Subieron a un microbús que iba rumbo al metro Universidad, querían bailar arriba de la unidad de transporte público, querían contarle a la gente la noticia. Seguían repitiendo el beso-abrazo-llanto-risa-beso. El metro atiborrado de gente que se empuja con la finalidad de entrar era una imagen hermosa para ellos. Para Chela era un sinónimo de estar viva. El camino a su casa fue el mejor viaje que han hecho en los últimos años.
—¿Emocionalmente, cómo superaste la enfermedad?
—Hubo varias cosas que me ayudaron bastante. La terapia psicológica es fundamental; a pesar de que me sentía fuerte emocionalmente, me ayudó a equilibrar un poco mis emociones. El platicar con otras personas que padecían lo mismo me motivaba. El apoyo de mis hijos, mi esposo y la familia. Y sobre todo ver a mis nietos, escuchar sus risas, o incluso que se quedaran dormidos con su rostro pegado a mi cabeza rapada significaba mucho para mí. Eso me daba fuerza.
—¿A qué le temías?
—Más que al proceso de morir, me atemorizaba dejar solo a mi esposo. Nos ha costado mucho sacar adelante este matrimonio. Mis nietos tienen a sus padres, mis hijos ya son grandes, pero si lo vemos de cierta manera, mi esposo sólo me tiene a mí y yo sólo lo tengo a él. Nunca terminaré de agradecerle lo que hizo por mí.
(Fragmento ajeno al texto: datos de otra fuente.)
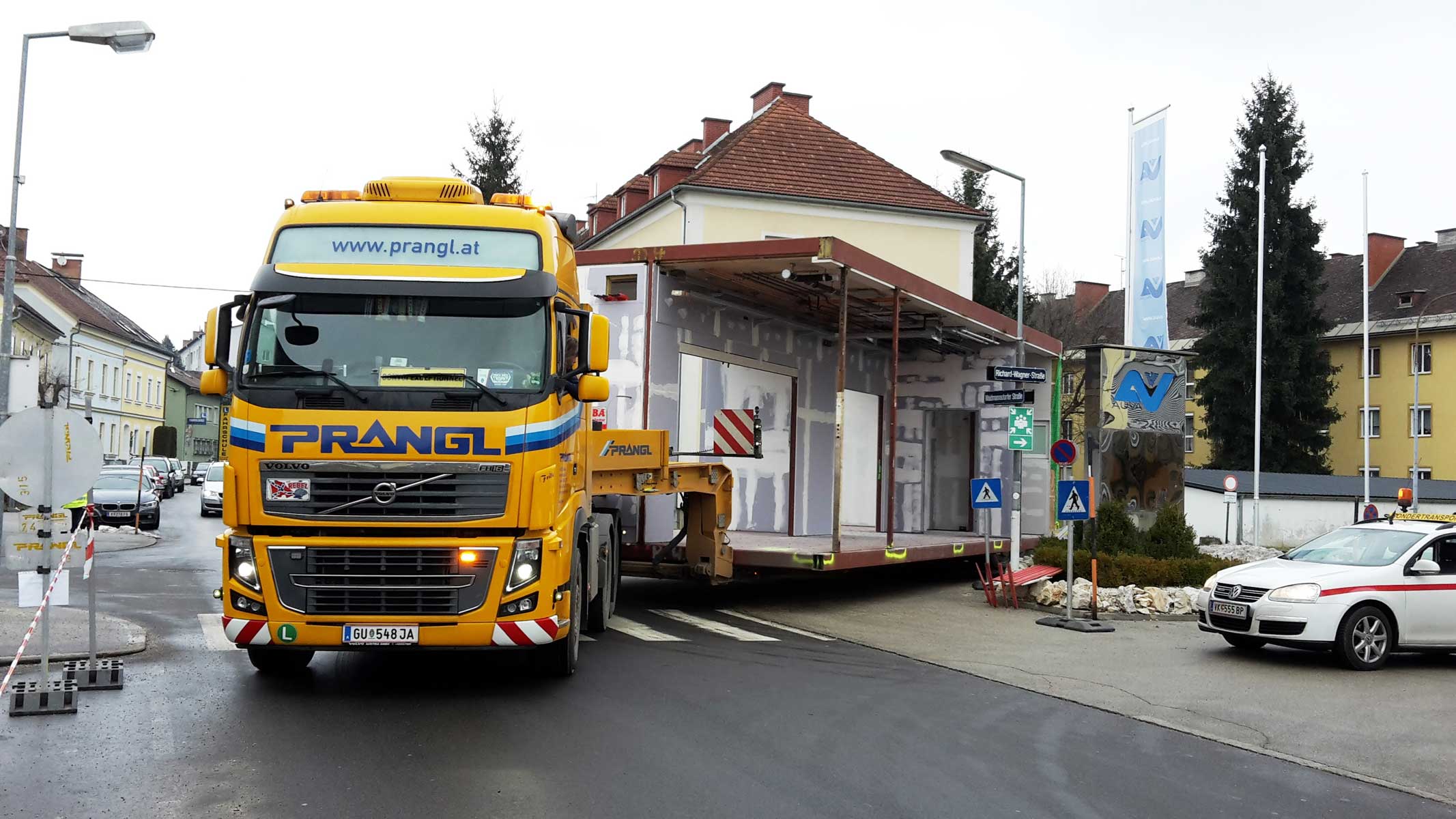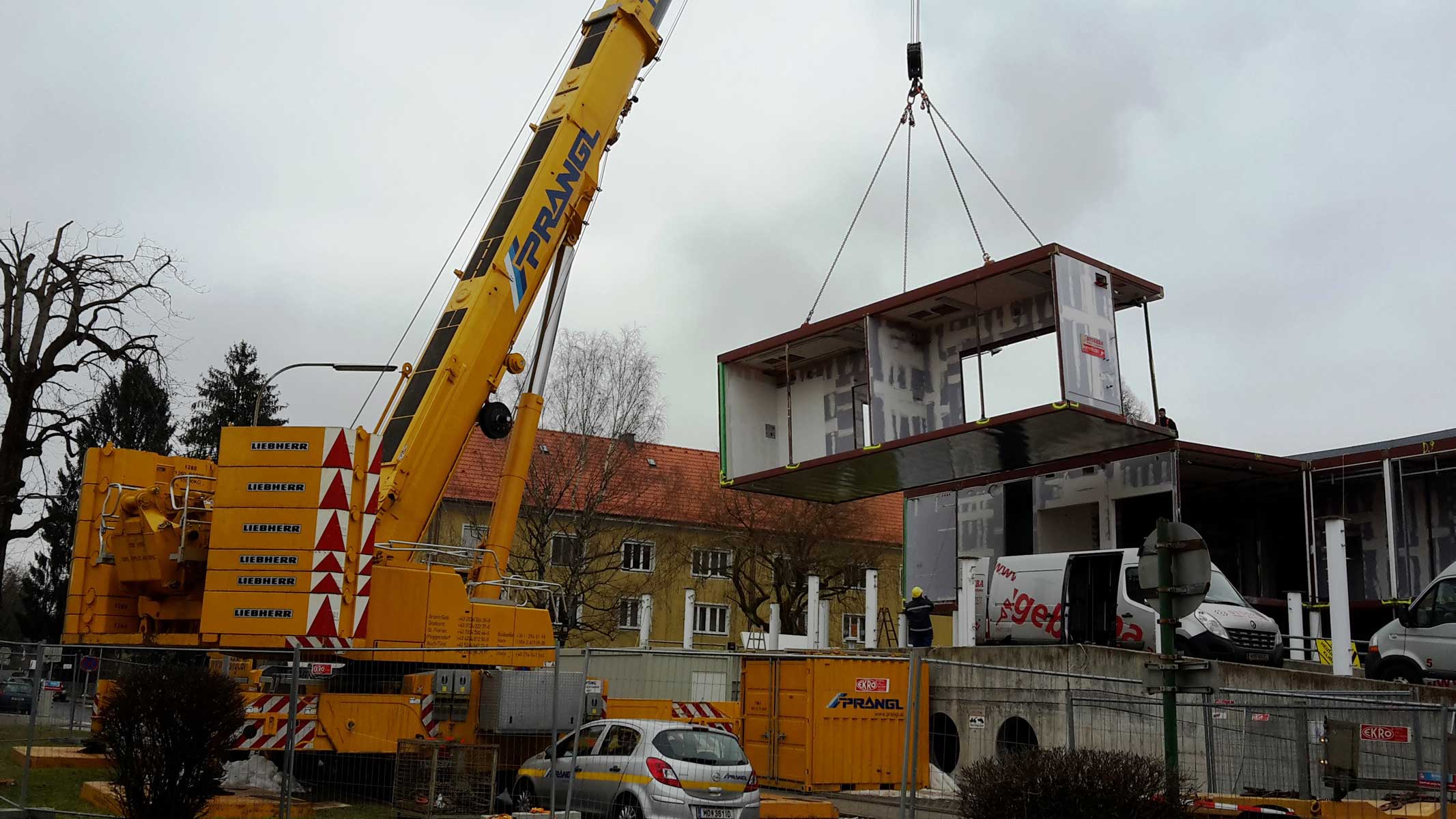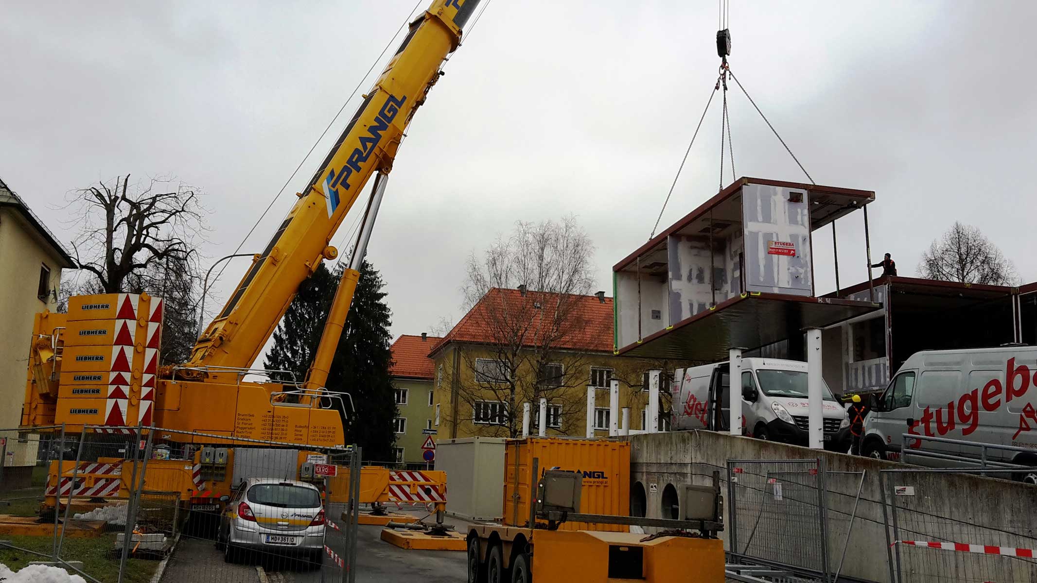 A modulok beemelése egy 350 tonnás teleszkópos daruval szintén kihívás elé állította a Prangl csapatát. A kórház mélygarázsa miatt a mobildaru felállítása csak nagyon korlátozott módon volt lehetséges. Még egy fát is ki kellett vágni ahhoz, hogy az emelési munkát egyáltalán végre lehessen hajtani. Csak így lehetett elegendő helyet nyerni a daru felállításához és kitámasztásához. A közelben található helikopter leszállóhely szintén nehezítő körülmény volt. Biztonsági intézkedésként a 46 méteres maximálisan megengedett gémmagasságot a bevetés minden percében be kellett tartani.

—Ni tienes porqué—, la interrumpe Víctor, con una sonrisa.
Ahora ambos planean recuperar aquello que dejaron y que tanto aman: la cocina. No será fácil, pues alguien más ya ocupó el local donde vendían y los gastos económicos derivados de la enfermedad son considerables, pero están dispuestos a trabajar con el objetivo de alcanzar la vida que tenían.
Víctor anima a la gente que encuentra en la calle con visibles padecimientos de cáncer. A las mujeres que ve peloncitas por la quimioterapia les dice: “Ánimo, guerrera, vas a poder”, aunque no las conozca. A veces les da asesoría con la finalidad de que acudan a tal o cual hospital o para que encuentren los mejores precios en medicamentos.
Chela dejó su cabello negro y lacio y le ha crecido chino, le gusta ese estilo y ya hasta se lo tiñó de rojo. Usa un relleno con peso en su seno izquierdo a fin de equilibrar su cuerpo. Ahora está pensando en ponerse “la bubbie” —como le dice— en forma de implante, y ya cotiza opciones.